▶ HOW TO COMPLETE THIS TASK
Strip the pictures and reproduce the rest of the listing exactly.

▶ DATA EXCERPT
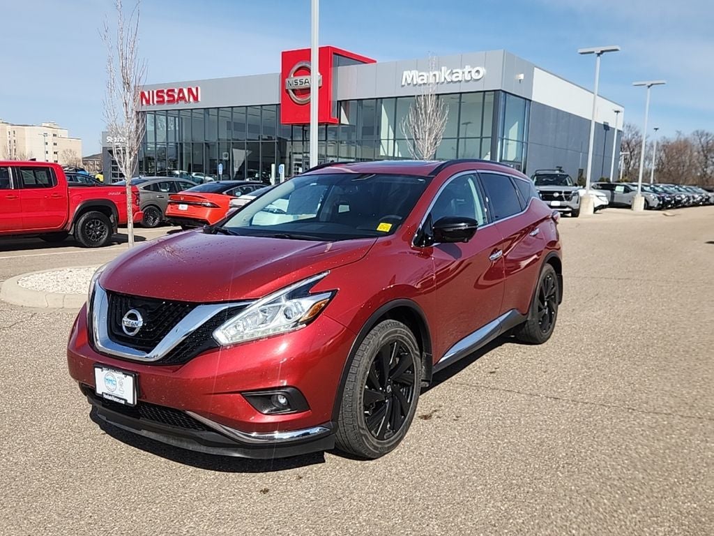 Cayenne Red Metallic 2017 Nissan Murano Platinum AWD CVT with Xtronic 3.5L V6 Murano Platinum, 3.5L V6, CVT with Xtronic, AWD, Cayenne Red Metallic, Graphite w/Leather Appointed Seat Trim, Black Mirror Caps, Black Roof Rails, Black Splash Guards, Blind Spot Warning, Front dual zone A/C, Heated front seats, Heated rear seats, Intelligent Cruise Control, Memory seat, Midnight Edition, Navigation System, NissanConnect Services Powered By SiriusXM, Platinum Technology Package, Power driver seat, Power Liftgate, Power Panoramic Moonroof, Power passenger seat, Predictive Forward Collision Warning (PFCW), Radio: AM/FM/CD Audio System w/Navigation, Ventilated front seats, Wheels: 20 Midnight Black Aluminum-Alloy.
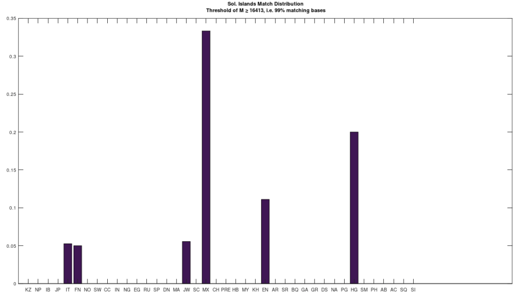 However, that’s not what’s important, though I will follow up tonight with more code, and instead, I stumbled upon what looks like a theorem of maximizing fitness through sexual reproduction. Specifically, if individuals mate by setting a minimum total fitness that is approximately the same as theirs (i.e., my mate is roughly as fit, overall, as I am), and that mate is at the same time maximally genetically distinct from the individual in question, then you maximize the fitness of the population. So to be crude, if I’m short, you’re tall, but neither of us are notably short or tall. As a consequence, we have roughly the same total fitness, but maximally different individual traits.
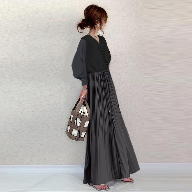 【60%OFF⭐️早い者勝ち】【ワンピース】秋 長袖ワンピース レディース Vネック シャーリング プリーツ ゆったり カジュアル

▶ WORKED SOLUTION
 Cayenne Red Metallic 2017 Nissan Murano Platinum AWD CVT with Xtronic 3.5L V6 Murano Platinum, 3.5L V6, CVT with Xtronic, AWD, Cayenne Red Metallic, Graphite w/Leather Appointed Seat Trim, Black Mirror Caps, Black Roof Rails, Black Splash Guards, Blind Spot Warning, Front dual zone A/C, Heated front seats, Heated rear seats, Intelligent Cruise Control, Memory seat, Midnight Edition, Navigation System, NissanConnect Services Powered By SiriusXM, Platinum Technology Package, Power driver seat, Power Liftgate, Power Panoramic Moonroof, Power passenger seat, Predictive Forward Collision Warning (PFCW), Radio: AM/FM/CD Audio System w/Navigation, Ventilated front seats, Wheels: 20 Midnight Black Aluminum-Alloy.
 However, that’s not what’s important, though I will follow up tonight with more code, and instead, I stumbled upon what looks like a theorem of maximizing fitness through sexual reproduction. Specifically, if individuals mate by setting a minimum total fitness that is approximately the same as theirs (i.e., my mate is roughly as fit, overall, as I am), and that mate is at the same time maximally genetically distinct from the individual in question, then you maximize the fitness of the population. So to be crude, if I’m short, you’re tall, but neither of us are notably short or tall. As a consequence, we have roughly the same total fitness, but maximally different individual traits.
 【60%OFF⭐️早い者勝ち】【ワンピース】秋 長袖ワンピース レディース Vネック シャーリング プリーツ ゆったり カジュアル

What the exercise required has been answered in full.